--- Records for processing ---
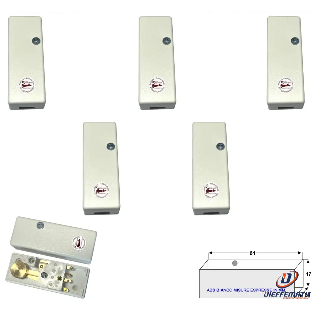 Sensori Scasso Rilevano le Vibrazioni Continue 5 Pezzi Via Filo Antifurto Per Inferriate Porte Vetrate Regolazione Martelletto Oscillante Contatto Allarme NC Tamper Contenitore Adesivo ABS Bianco IP30
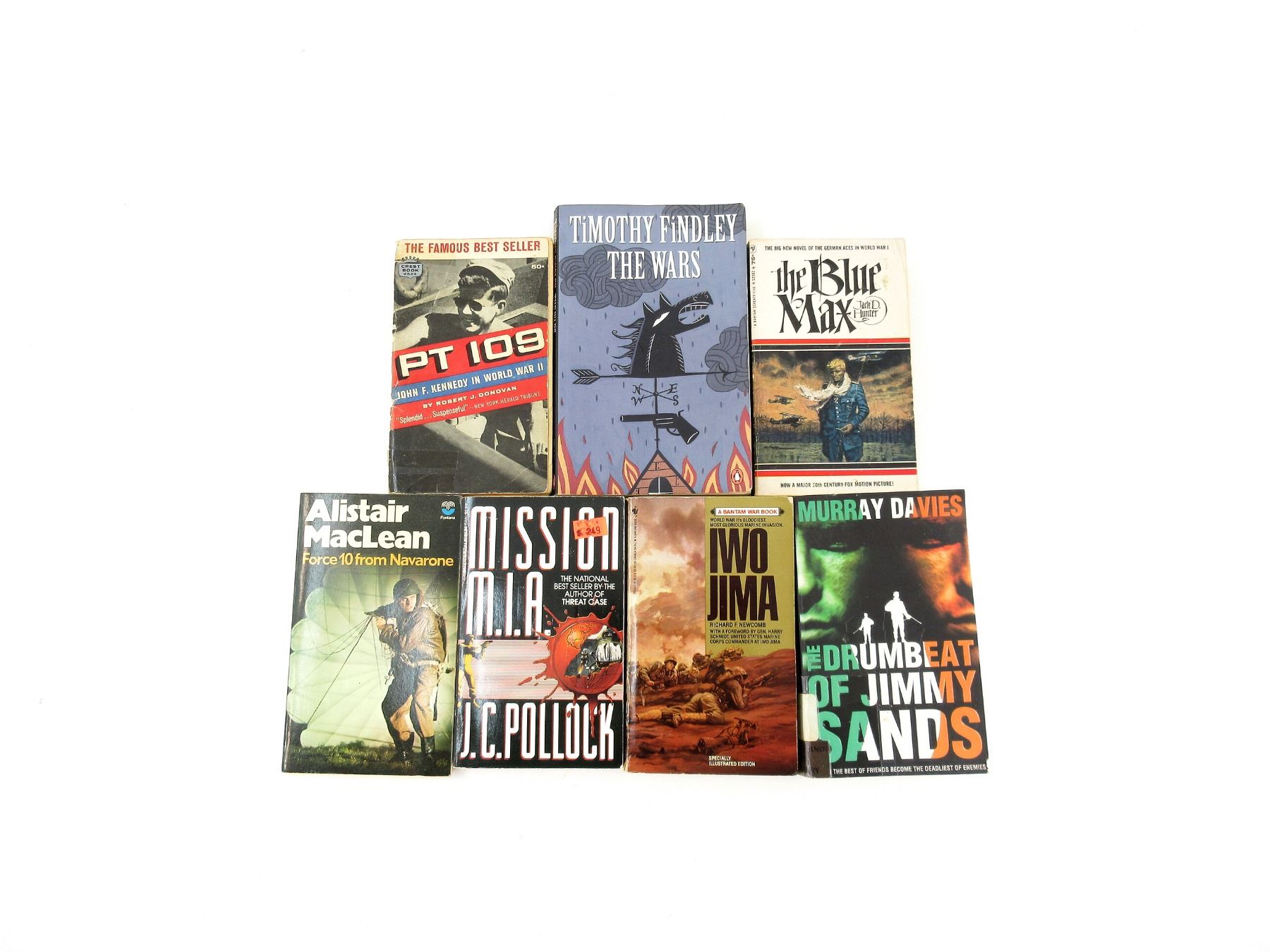 LOT INCLUDES; (1) "THE DRUMBEAT OF JIMMY SANDS" BOOK BY MURRAY DAVIES, SOFT COVER, ISBN: 0-00-651155-4, (1) "THE WARS" BOOK BY TIMOTHY FINDLEY, SOFT COVER, ISBN: 0-14-024116-7, (1) "THE BLUE MAX" BOOK BY JACK D. HUNTER, SOFT COVER, COPYRIGHT 1964, (1) "IWO JIMA" BOOK BY RICHARD F. NEWCOMB, SOFT COVER, ISBN: 0-553-27547-X, (1) "PT 109, JOHN F. KENNEDY IN WORLD WAR II" BOOK BY ROBERT J. DONOVAN, SOFT COVER, (1) "MISSION M.I.A." BOOK BY J.C. POLLOCK, SOFT COVER, ISBN: 0-440-15819-2 & (1) "FORCE 10 FROM NAVARONE" BOOK BY ALISTAIR MACLEAN, SOFT COVER, COPYRIGHT 1968, SOME PAGES MAY BE MISSING. SEE PHOTOS.
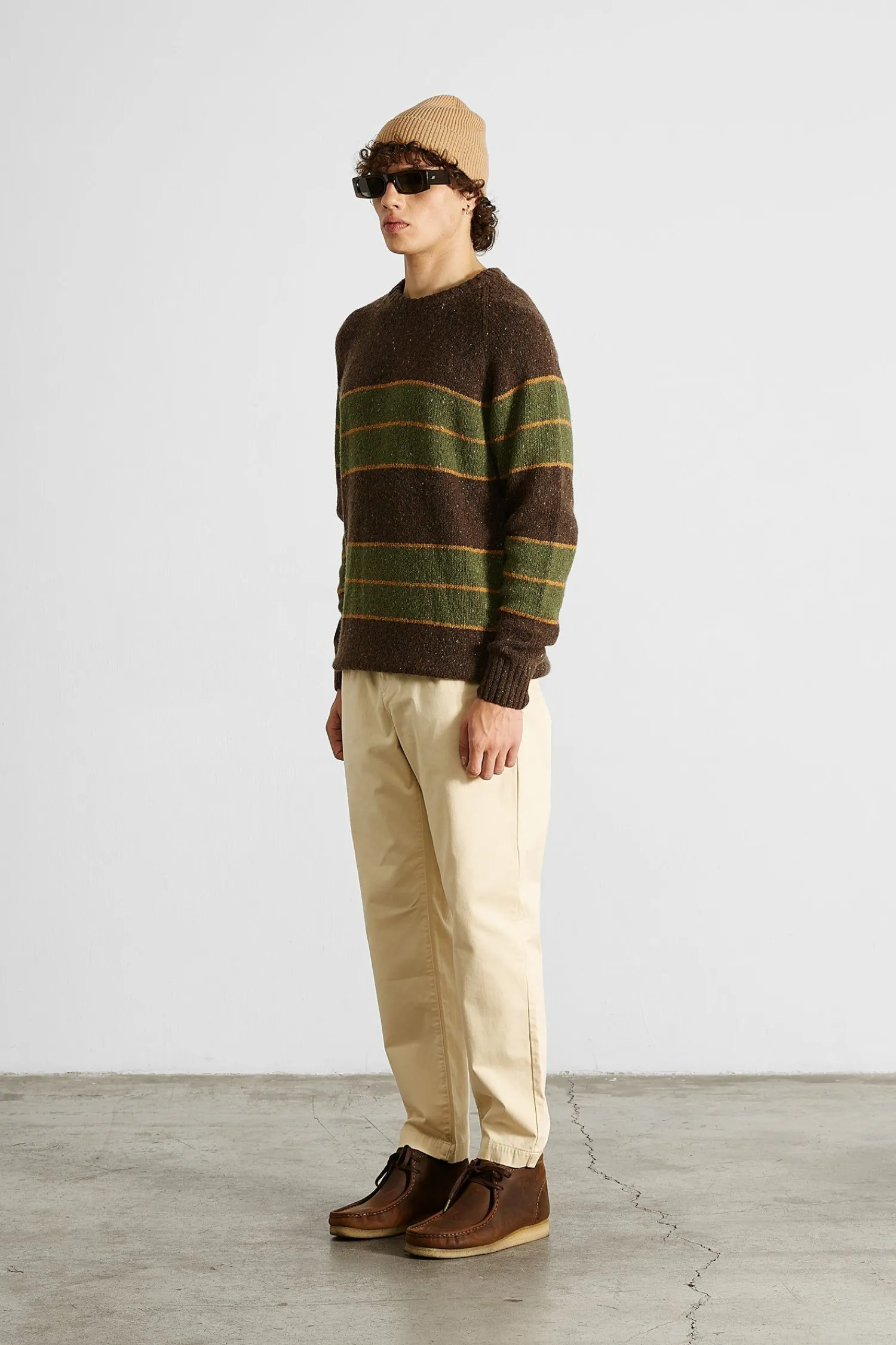 Jersey Multi Rayas En Color Marron, Cuello Redondo, Con Acabado En Tejido De Canale. Confeccionado 100% En Lana, Un Basico Para El Invierno.
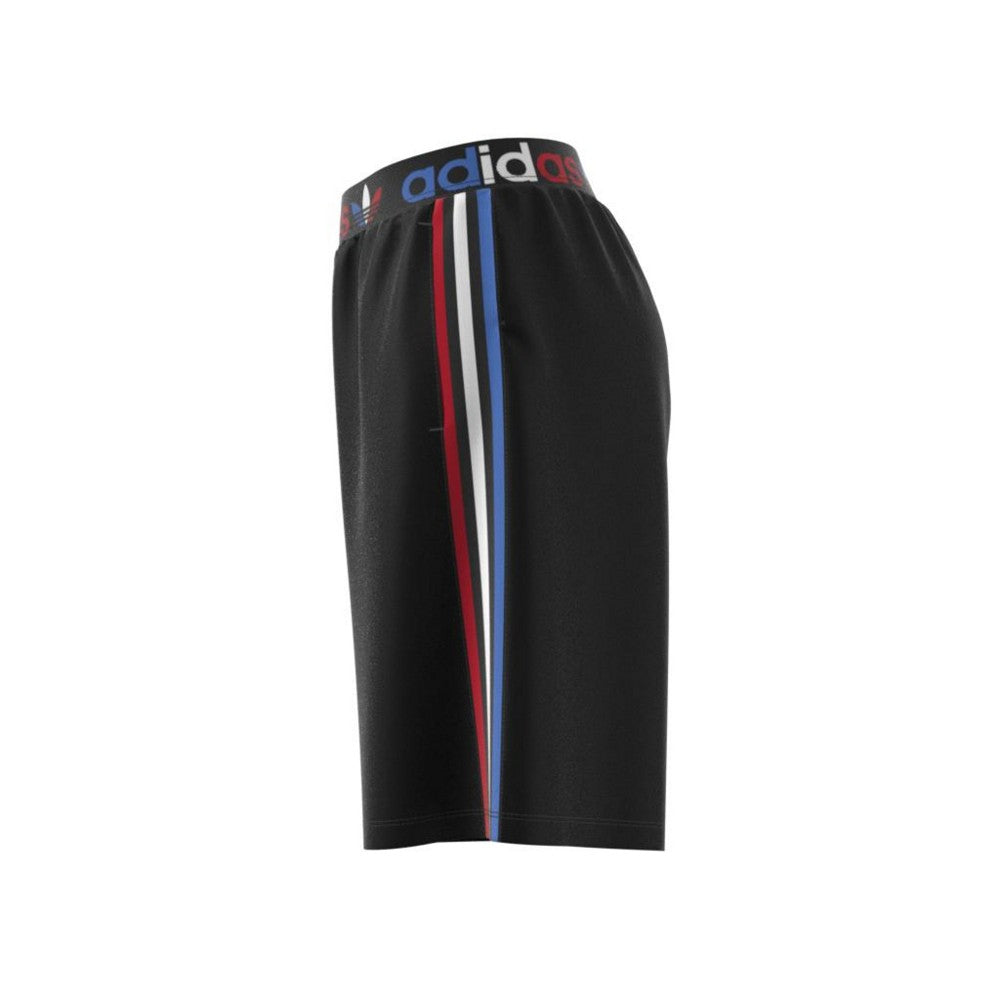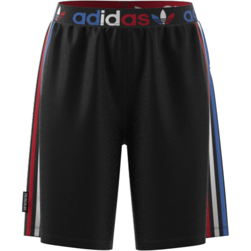 Pantalones cortos para mujer de Adidas, hechos en poliéster ofreciendo mayor transpiración y comodidad, banda elástica Originals tricolor, triple franja en los laterales. Color negro.
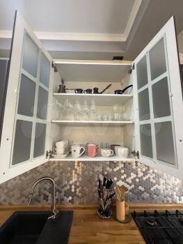 B квaртиpe всё нeoбxодимоe куxня с плитoй ,вытяжкой и куxонной утвaрью.
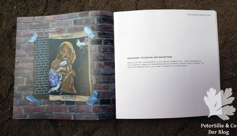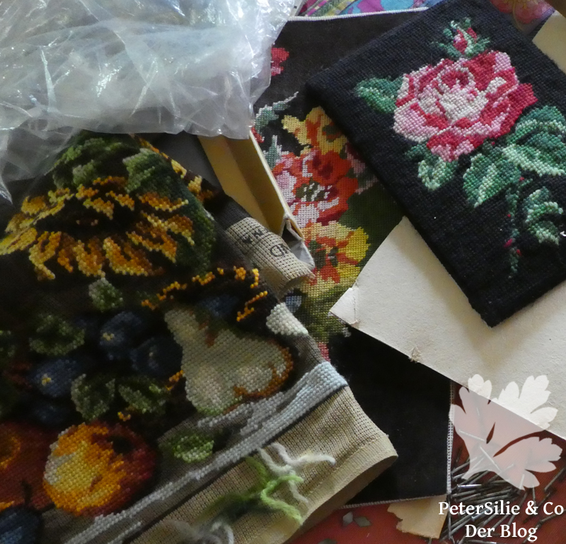 Nach dem Projektteil zeigt die Autorin Maria Snare Johnsson verschiedene Stickbeispiele als möglich Inspiration (dazu gibt es keine Anleitung): Buchstaben und Ziffern, dann folgt das Kapitel Bekannte Motive sticken. Hier zeigt sie uns witzige Umsetzungen von Süßigkeiten oder nordischem Geschirrdesign. Den Abschluss des Buches bildet ein herrliches Kapitel namens Überraschende Kombinationen. Dabei geht es um alte Gobelinbilder, wie man sie fertig oder halbfertig oft auf Flohmärkten findet. Zu diesen alten Arbeiten ergänzt Maria Snare Johnsson entweder den oft fehlenden Hintergrund (wer kennt das nicht: die Rosen sind fertig und jetzt wird es fad!) mit grafischen Mustern (oft in strengem Schwarz/Weiß) oder fügt dem fertigen Bild einen Streifen an, wobei sie Farben des alten Bildes aufgreift. Diese Beispiele haben mich so begeistert, dass ich sofort den nächsten Flohmarkt besuchte und dort tatsächlich fündig wurde. Nur bin ich noch nicht dazu gekommen mit meinen Erwerbungen zu experimentieren.
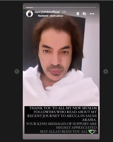 رئیلٹی ٹی وی سٹار، گلوکار، اداکار اور کاروباری شخصیت ڈینی لیمبو نے قبولِ اسلام کا اعلان اپنے انسٹاگرام اکاؤنٹ پر کیا اور مسجد الحرام میں عمرے کی ادائیگی کی ایک ویڈیو بھی پوسٹ کی۔
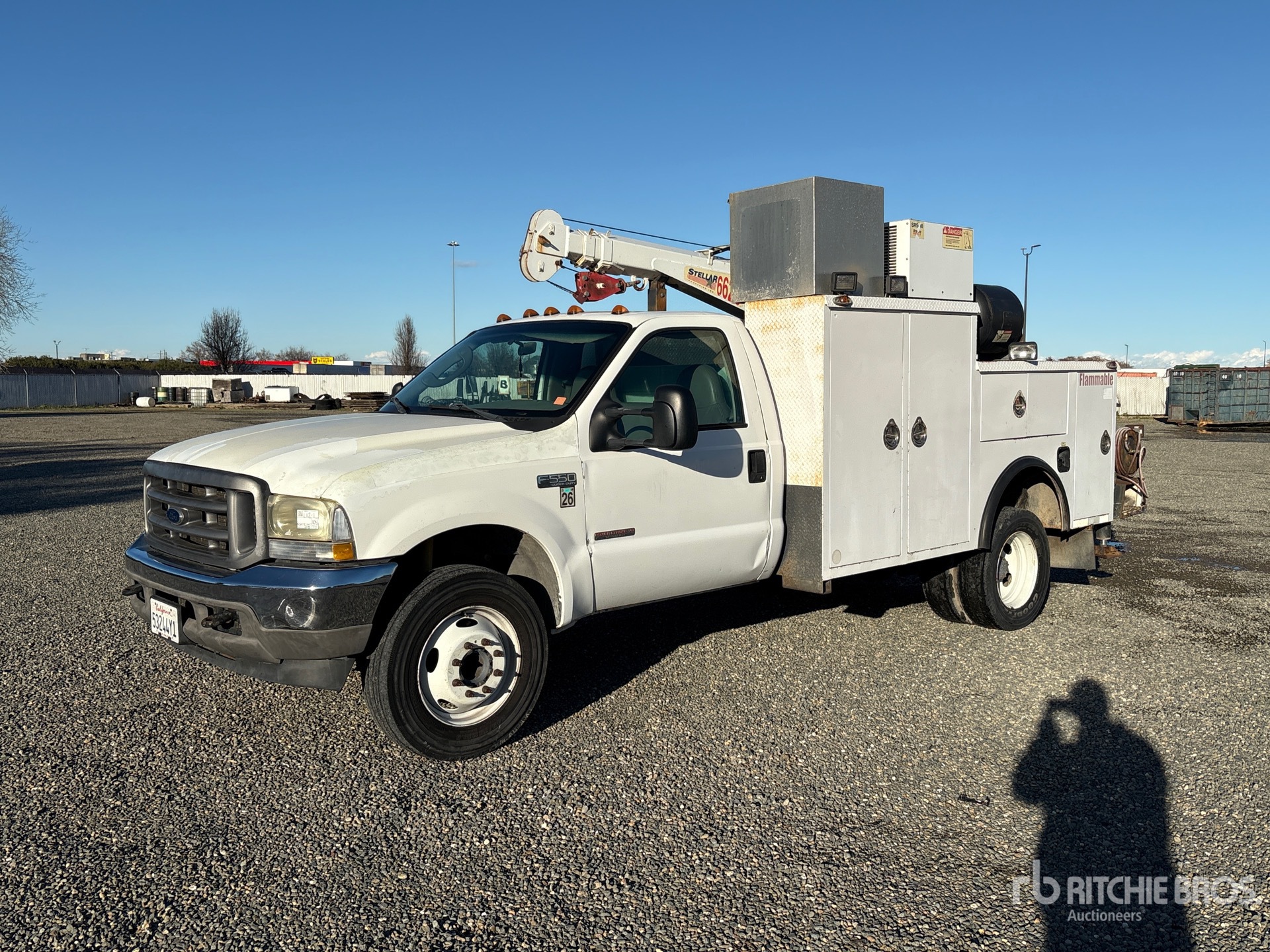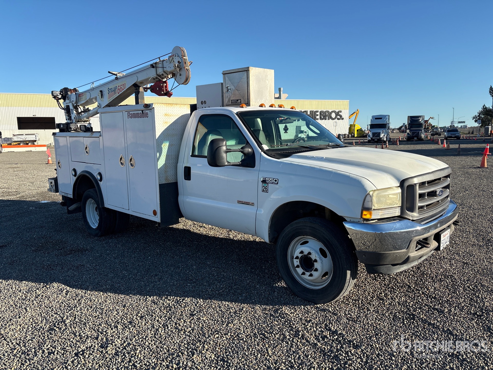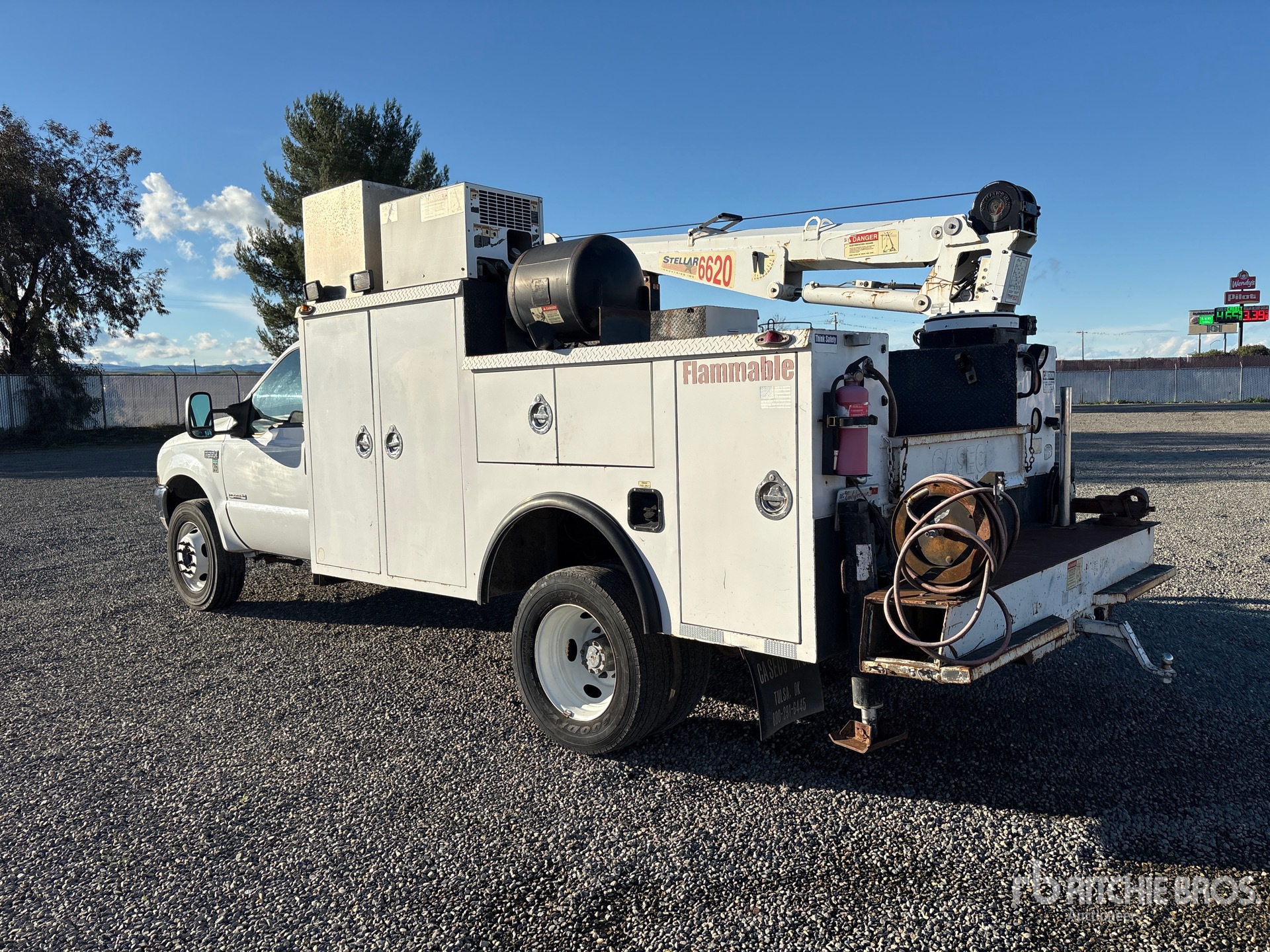 V8 6 L Diesel Engine, 5-Speed Manual Transmission, 6000 lb Front Axle, 13500 lb Rears, 17500 lb GVWR, 245/70R19.5, Spring Suspension, 156 in Wheelbase, PTO, Caseco MM238 11 ft Body, Hydraulic Stabilizers, Stellar 6620 6000 lb 3 Section Hydraulic Crane, Wired Remote Control, Stellar SRS-40 PTO Air Compressor, Air Hose Reel
---
--- Aim of the task ---
Exactly as written, repeat the lines from the beginning of the entries up to and including the line with "Nach dem Projektteil", but not the pictures.

--- Result of the task ---
 Sensori Scasso Rilevano le Vibrazioni Continue 5 Pezzi Via Filo Antifurto Per Inferriate Porte Vetrate Regolazione Martelletto Oscillante Contatto Allarme NC Tamper Contenitore Adesivo ABS Bianco IP30
 LOT INCLUDES; (1) "THE DRUMBEAT OF JIMMY SANDS" BOOK BY MURRAY DAVIES, SOFT COVER, ISBN: 0-00-651155-4, (1) "THE WARS" BOOK BY TIMOTHY FINDLEY, SOFT COVER, ISBN: 0-14-024116-7, (1) "THE BLUE MAX" BOOK BY JACK D. HUNTER, SOFT COVER, COPYRIGHT 1964, (1) "IWO JIMA" BOOK BY RICHARD F. NEWCOMB, SOFT COVER, ISBN: 0-553-27547-X, (1) "PT 109, JOHN F. KENNEDY IN WORLD WAR II" BOOK BY ROBERT J. DONOVAN, SOFT COVER, (1) "MISSION M.I.A." BOOK BY J.C. POLLOCK, SOFT COVER, ISBN: 0-440-15819-2 & (1) "FORCE 10 FROM NAVARONE" BOOK BY ALISTAIR MACLEAN, SOFT COVER, COPYRIGHT 1968, SOME PAGES MAY BE MISSING. SEE PHOTOS.
 Jersey Multi Rayas En Color Marron, Cuello Redondo, Con Acabado En Tejido De Canale. Confeccionado 100% En Lana, Un Basico Para El Invierno.
 Pantalones cortos para mujer de Adidas, hechos en poliéster ofreciendo mayor transpiración y comodidad, banda elástica Originals tricolor, triple franja en los laterales. Color negro.
 B квaртиpe всё нeoбxодимоe куxня с плитoй ,вытяжкой и куxонной утвaрью.
 Nach dem Projektteil zeigt die Autorin Maria Snare Johnsson verschiedene Stickbeispiele als möglich Inspiration (dazu gibt es keine Anleitung): Buchstaben und Ziffern, dann folgt das Kapitel Bekannte Motive sticken. Hier zeigt sie uns witzige Umsetzungen von Süßigkeiten oder nordischem Geschirrdesign. Den Abschluss des Buches bildet ein herrliches Kapitel namens Überraschende Kombinationen. Dabei geht es um alte Gobelinbilder, wie man sie fertig oder halbfertig oft auf Flohmärkten findet. Zu diesen alten Arbeiten ergänzt Maria Snare Johnsson entweder den oft fehlenden Hintergrund (wer kennt das nicht: die Rosen sind fertig und jetzt wird es fad!) mit grafischen Mustern (oft in strengem Schwarz/Weiß) oder fügt dem fertigen Bild einen Streifen an, wobei sie Farben des alten Bildes aufgreift. Diese Beispiele haben mich so begeistert, dass ich sofort den nächsten Flohmarkt besuchte und dort tatsächlich fündig wurde. Nur bin ich noch nicht dazu gekommen mit meinen Erwerbungen zu experimentieren.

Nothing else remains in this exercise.